If you cannot use a window function to identify and remove duplicates in SQL, there are a few other ways to accomplish this task in SQL. Here are a couple of common methods:

Self-Join:

One common way to identify duplicates in SQL is to use a self-join. We join the table to itself on the columns that define the duplicates, then select only the rows that match on those columns. Here is an example:

``````SELECT t1.*
FROM students t1
JOIN students t2 ON t1.name = t2.name AND t1.age = t2.age AND t1.id < t2.id;``````

In this example, we join the “students” table to itself on the “name” and “age” columns, and we select only the rows where the “id” value in the first table is less than the “id” value in the second table. This ensures that we only return each duplicate set once, and we exclude the first occurrence of each set.

To remove the duplicates using this method, we can use the DELETE statement with the same join condition to remove all but the first row in each duplicate set.

Subquery with GROUP BY:

Another way to identify and remove duplicates is to use a subquery with a GROUP BY clause. We can group the table by the columns that define the duplicates, and then select only the groups that have more than one row. Here is an example:

``````SELECT *
FROM students
WHERE (name, age) IN
(
SELECT name, age
FROM students
GROUP BY name, age
HAVING COUNT(*) > 1
);``````

In this example, we use a subquery to select the “name” and “age” values for groups that have more than one row in the “students” table. We then use these values in the WHERE clause of the outer query to select all rows that belong to these groups.

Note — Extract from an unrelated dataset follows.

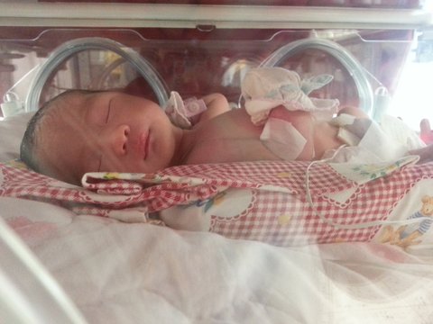 아기는 2.1키로의 여자아기로 태어났고, 미숙아였기 때문에 폐로 자가호흡이 안될까봐 걱정했는데 다행히 우렁차게 울어주었습니다.
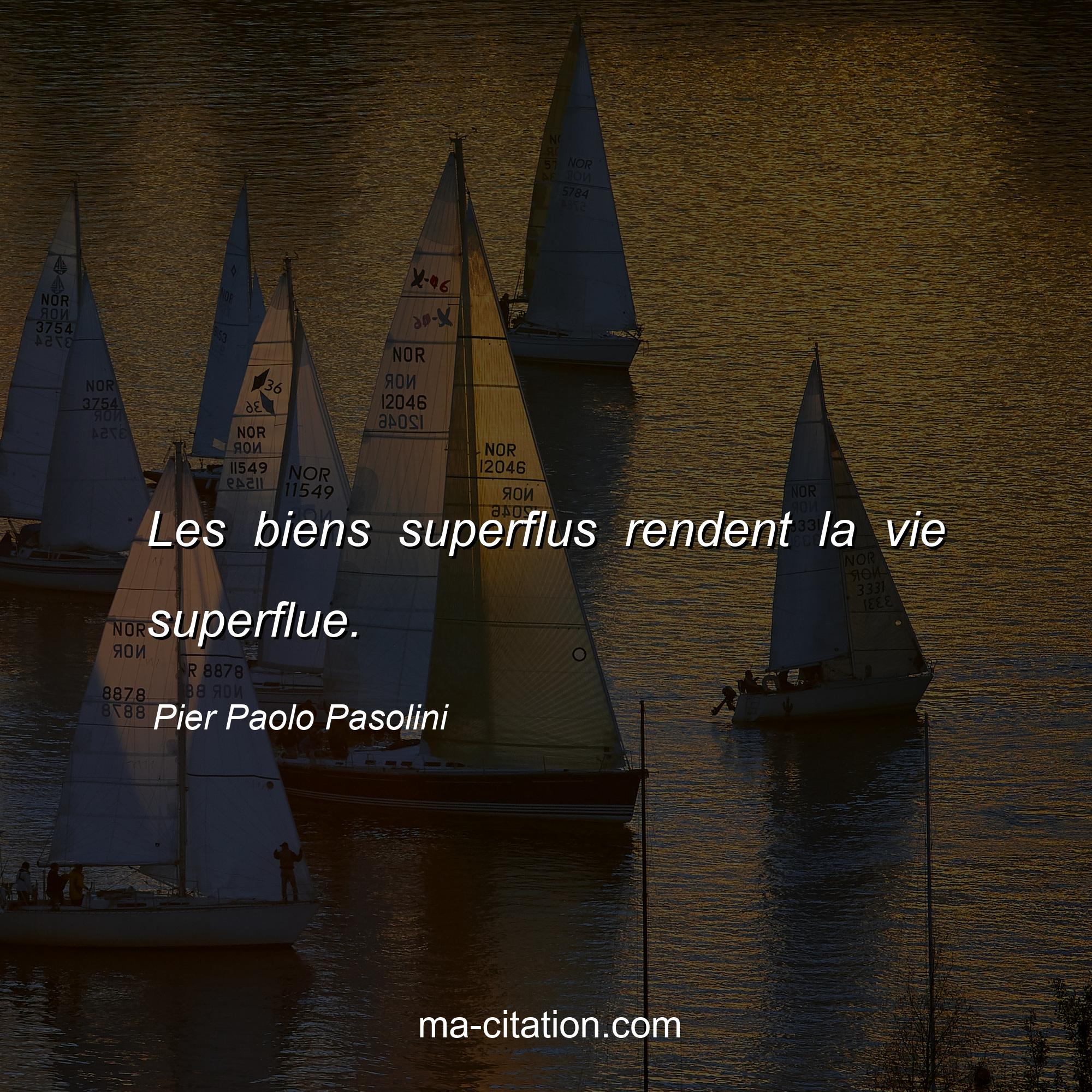 Citation sur la vie de Pier Paolo Pasolini :Les biens superflus rendent la vie superflue.

To remove the duplicates in SQL using this method, we can use the DELETE statement with the same subquery to remove all but the first row in each duplicate set. However, we need to modify the subquery to return the “id” values for each group, so that we can use them in the WHERE clause of the DELETE statement. Here is an example:

``````DELETE FROM students
WHERE (name, age) IN
(
SELECT name, age
FROM students
GROUP BY name, age
HAVING COUNT(*) > 1
);``````

In this example, we use a subquery to select the minimum “id” value for each group of duplicates in the “students” table. We then use these values in the WHERE clause of the DELETE statement to remove all but the first row in each duplicate set.